PTSD diagnoses among college students surged in recent years, Forbes reported. The prevalence of PTSD more than doubled between the 2017-18 and 2021-22 school years, according to a JAMA Network Open research letter that relied on data from five waves of college students participating in a survey at 332 colleges and universities. Although the rate of diagnosed students increased throughout the study period, from 3.4% to 7.5%, about three-quarters of the rise came during the study period’s last three years – a time when the pandemic threw students’ lives into turmoil.
The placebo effect is particularly powerful in psychiatric treatment.
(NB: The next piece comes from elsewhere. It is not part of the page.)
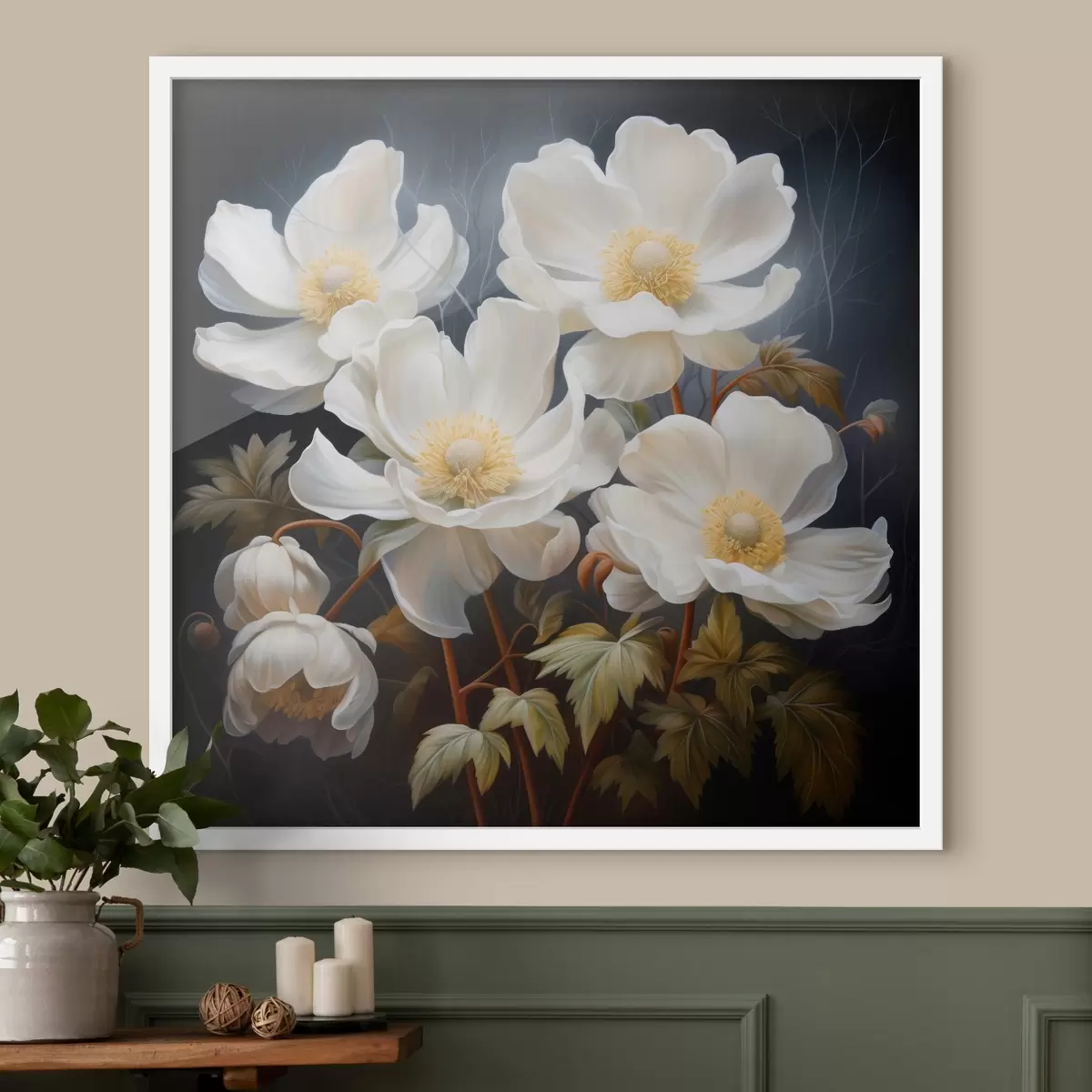 Poster Elegante weiße Blumen im Abendlicht f43901

For some diagnoses, patients feel so much improvement after receiving a placebo pill they think is real (and sometimes even when they know it’s not) that a co-author of a new study told CNN it would be legally and medically justified for them to enroll in controlled studies that assign half the participants to receive placebos. Clinicians often discourage such participation if they believe the drug being tested would provide clear benefits that recipients of placebo pills would miss out on. The analysis in JAMA Psychiatry of 90 high-quality studies found significant improvement on placebo for nine mental health conditions. Patients with major depressive disorder got the greatest placebo benefit, followed by those with generalized anxiety disorder, panic disorder, ADHD, PTSD, social phobia, mania, and OCD, while patients with schizophrenia benefited the least.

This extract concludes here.